Greetings: I am using Tophat2 (command line) to analyze RNA-seq data and I am encountering some errors.
Here is the call:
tophat2 \
-o tophat2_results/ \
-G ref_data/BA000007.2.gtf \
--transcriptome-index=transcriptome_data/RNA_LBG01b_241_filteredQ indices/BA000007.2 \
data_files/RNA_LBG01b_241_filteredQ.fastq
Here is the error:
[2015-12-29 12:58:33] Checking for Bowtie
Bowtie version: 2.2.4.0
[2015-12-29 12:58:33] Checking for Bowtie index files (genome)..
[2015-12-29 12:58:33] Checking for reference FASTA file
[2015-12-29 12:58:33] Generating SAM header for indices/BA000007.2
[2015-12-29 12:58:33] Reading known junctions from GTF file
Warning: TopHat did not find any junctions in GTF file
[2015-12-29 12:58:33] Preparing reads
left reads: min. length=12, max. length=342, 202732 kept reads (1315 discarded)
Warning: short reads (<20bp) will make TopHat quite slow and take large amount of memory because they are likely to be mapped in too many places
[2015-12-29 12:58:39] Building transcriptome data files transcriptome_data/RNA_LBG01b_241_filteredQ
[2015-12-29 12:58:40] Building Bowtie index from RNA_LBG01b_241_filteredQ.fa
[FAILED]
Error: Couldn't build bowtie index with err = 1
Version Information:
TopHat v2.1.0 Bowtie2 version 2.2.4 Python 2.7.10 :: Anaconda 2.4.0 (64-bit)
System Information:
CentOS Release 6.7
How I got here and what have I tried:
I am using E. coli (Accession: BA000007.2) for my reference genome which can be found here: http://www.ncbi.nlm.nih.gov/nuccore/BA000007.2
I obtained my GTF file from Ensembl (ftp://ftp.ensemblgenomes.org/pub/release-29/bacteria//gtf/bacteria_9_collection/escherichia_coli_o157_h7_str_sakai/)
I made my indices using bowtie2-build (before tophat2 call)
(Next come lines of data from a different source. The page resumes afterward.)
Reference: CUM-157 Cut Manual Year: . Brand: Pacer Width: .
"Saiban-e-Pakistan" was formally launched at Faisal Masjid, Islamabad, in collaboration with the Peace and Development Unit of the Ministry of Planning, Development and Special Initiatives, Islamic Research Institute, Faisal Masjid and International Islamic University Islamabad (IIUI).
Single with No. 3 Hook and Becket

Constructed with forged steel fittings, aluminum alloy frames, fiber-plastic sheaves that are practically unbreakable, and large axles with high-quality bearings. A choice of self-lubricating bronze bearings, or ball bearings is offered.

bowtie2-build -f ref_data/BA000007.2.fasta indices/BA000007.2
I am aware that the error I am receiving is affiliated with different names appearing in the first column in the *.gtf file and the name of the reference fasta file. If I understand this correctly, every entry in the 1st column should be BA000007.2 where most of the names in the 1st column where "Chromosome". To fix this, I did the following:
awk '{FS=OFS="\t"}{print "BA000007.2", $2, $3, $4, $5, $6, $7, $8, $9}' pathToGTF/BA000007.2_ensemble.gtf > pathToGTF/BA000007.2.gtf
Please note the commented build information (e.g., #!genome-build ASM80120v1
) at the beginning of Ensembl gtf file would create undesirable output from the awk command has been addressed
I also changed the termination of the fasta file from *.fasta
to *.fa
And to make sure that bowtie can access the fasta reference file, the reference file is not only in the directory with the gtf file, but ALL immediate subdirectories!
Questions:
Did I properly put the kibosh on any problems arising from differences in naming between the 1st column of the gtf file and the name of the fasta file (BA000007.2, BA000007.2.fa)?
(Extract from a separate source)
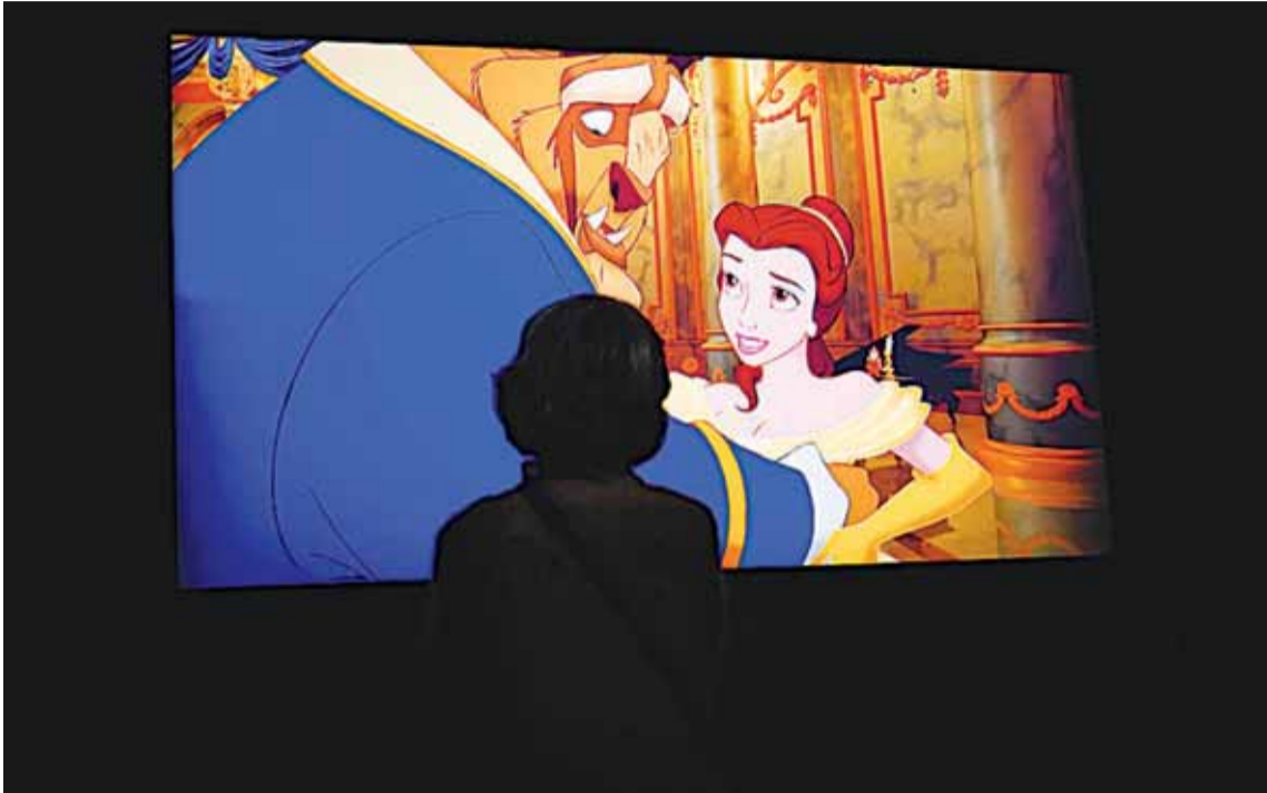
People look at a screen during a press preview for "Inspiring Walt Disney: The Animation of French Decorative Arts" at the Met in New York.

When I peruse output in the logs directory, there are several errors (
g2f.err
& similar errors inftf_juncs.log
) with lines beginning with:Warning: invalid start coordinate at line: BA000007.2 ena gene -194 2502 . + . gene_id "BAA31757"; gene_version "1"; gene_name "tagA"; gene_source "ena"; gene_biotype "protein_coding";
There are indeed negative numbers in the gtf files, but not in the genbank file (quick search in vim). Could this be the source of the error? I commented out the specific lines and then deleted them from the file -- both approaches still result in the error.
Is there anything readily seen that could be causing the
Couldn't build bowtie index with err = 1
error?
I have been stuck on this for a couple of days so any help is greatly appreciated.
Hi;
have you tried
instead of your previous command line
Since the files would be the same, I copied the index files from indices directory to ref_data directory. I re-ran it with the same error.